Tim Hecker : In The Fog II

Pour C. C.

j’ai couru pour toi comme tu me l’as
demandé je t’ai emmenée à la campagne
près de l’autoroute qui poursuivait son
bourdon nous avons couru 27 km

j’ai tâché de passer des musiques qui
pourraient te plaire la pluie était fine et
il n’y avait que nous sous les nuages

nous étions bien tranquilles là sans
Rideaux ni Voilages pour rompre le fil

de notre méditation en mouvement

Jambes en l’air (4)

Ma vie est parfois difficile, dans la mesure où elle me confronte à un fléau social que je nommerai la question normative. Si j’avais été secrétaire ou manucure et que j’étais une mère de famille honorable, me poserait-on des questions du genre, « Vous avez un travail, à côté ? » ou « À quel âge avez-vous pris conscience de votre hétérosexualité ? » Puisque la civilisation me considère comme un phénomène de cirque, dites-moi pourquoi je me priverais de cette série de jambes en l’air ? Au programme aujourd’hui : moulin, poste électrique et tunnel qui fait flipper (en plus la lumière est bleue). Les gouttes de pluie sur l’objectif vous rappellent combien je donne de ma personne pour votre divertissement…

Déperditions

(Dans le livre Projet urbain de David Mangin et Philippe Panerai, aux éditions Parenthèses, collection Eupalinos.)

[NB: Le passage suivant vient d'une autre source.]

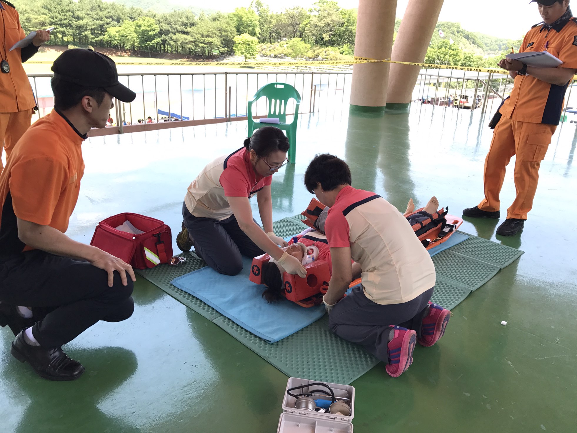 심폐소생술 . 부목 고정 응급환자 이송 등 많은 경기대회가 있었으며
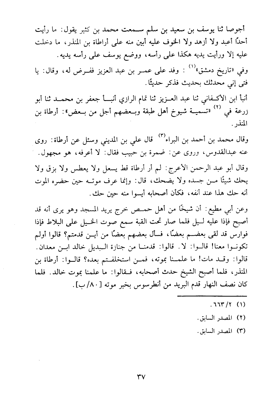 أنبأ ابن الأكفاني حَدَّثنا عبد العزيز حَدَّثنا تمام الرازي أنبأ جعفر بن محمد حَدَّثنا أبو زرعة في (2) (تسمية شيوخ أهل طبقة وبعضهم أجل من بعض): أرطاة بن المنذر.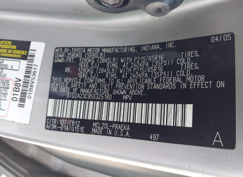 - Название лота: 2005 TOYOTA SIENNA LE
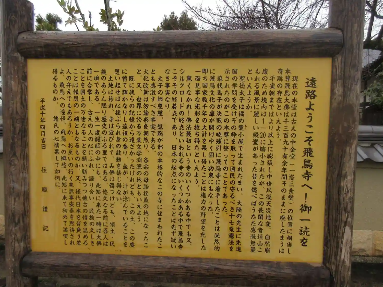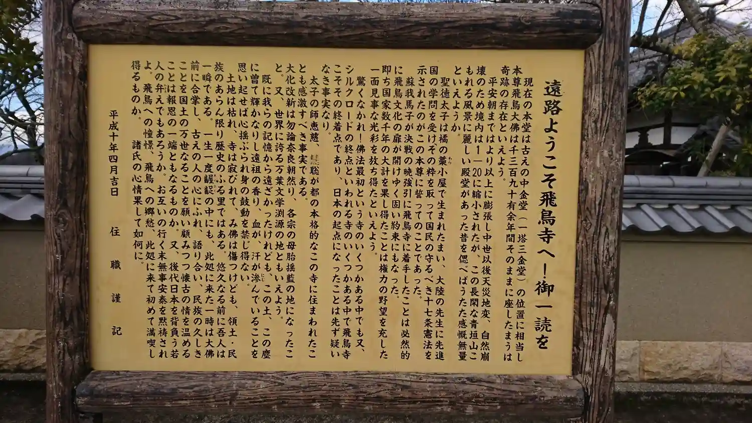 明日香へ出掛けたときの写真が出てきました。静かな境内を散策した記憶があります。当時は現在の様な立派…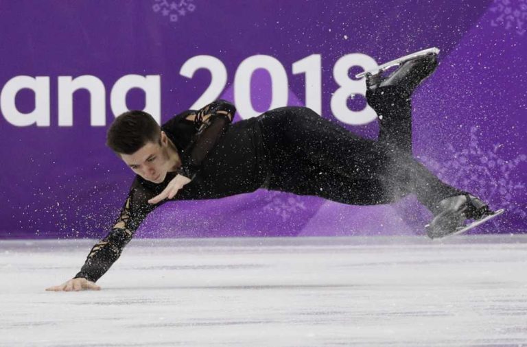 Yaroslav Paniot z Ukrajiny padá počas svojho programu na ZOH 2018 v Pjongčangu. 16. február 2018 Foto: SITA/AP

Le prospect détermine l’écart entre les bâtiments et leurs hauteurs respectives : un véritable Tetris en 3D. La ville est question de prospect, pourtant elle a des trous, de minuscules déperditions. C’est rassurant – un jour, on y trouvera sans doute des bornes Amazon, des Starbucks drive ou, dans les quartiers populaires, des réparateurs de téléphones mobiles (les nouvelles échoppes de cordonnier), des kebabs à emporter. Profitons de ces espaces vides où les yeux et l’esprit ont encore le loisir de respirer.

(Rue Rivoli, Lille Fives.)

(Avenue du Maréchal de Lattre de Tassigny, Saint-André-lez-Lille.)

help-help-help

Je reprends bientôt les déplacements professionnels et cette perspective fait du tricot avec mes viscères – des mailles serrées. Je serai seule sur Mars, je ne pourrai pas courir à Mons-en-Baroeul et mon chat ne veut pas m’accompagner (elle a horreur du TGV). Je remercie d’avance Marion, qui me sauve le Binic, et Ben, qui me sauve la Villeurbanne, mais il reste encore des sauveurs à trouver pour le Jura, la Champagne-Ardennes et le Berry. Allez, on se mobilise, les amis, on m’envoie ses disponibilités par pigeon.

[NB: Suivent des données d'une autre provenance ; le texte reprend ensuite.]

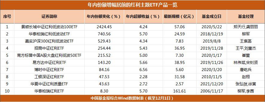 其中,红利主题ETF产品份额增幅尤为明显,如景顺长城中证红利低波动100ETF近期份额频频创下新高,11月30日最新份额达到32.42亿份,并以2424%的年内份额增幅位居第一;华泰柏瑞红利低波动ETF、嘉实沪深300红利低波动ETF分别以741%、529%的份额增幅排在二、三位。此外,招商中证红利ETF等多只产品年内份额也实现翻倍增长。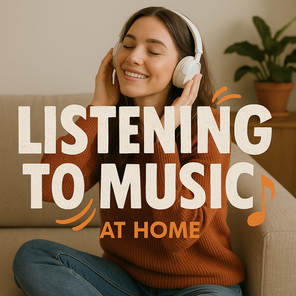 /Collection: /by davooda/Type: PNG/A warm and inviting social media post featuring a woman enjoying music at home. The design emphasizes relaxation and comfort, making it perfect for lifestyle content.

Meredith Monk : Doctor/patient (l’une des rares pièces vocales de Meredith qui comporte des mots – enfin, des mots : « help »)

Selbstportrait mit Katter

Si vous venez de nous rejoindre, comme on dit à la radio, cette série de billets a ses règles bien établies : je m’amuse à ramasser des images comme des cailloux et à les agencer en haïkus visuels ; en-dessous, j’écris des poèmes de 4-3-2 et 1 vers. Désormais, de temps à autre, je relèverai des phrases dans les musiques que j’écoute en courant (et donc en ramassant les cailloux), à supposer que ce soit de la musique vocale et de moi intelligible, et les intégrerai dans les poèmes. Je me contenterai à l’avenir de signaler la musique dont sera tirée la phrase. La première est extraite de Selbstportrait mit Katter de Einstürzende Neubauten. J’ai un peu hésité entre « Der ganze kosmos ist ein kopfschmerz und ich nehme Teil » et « Life on other planets is difficult », mais seulement un peu.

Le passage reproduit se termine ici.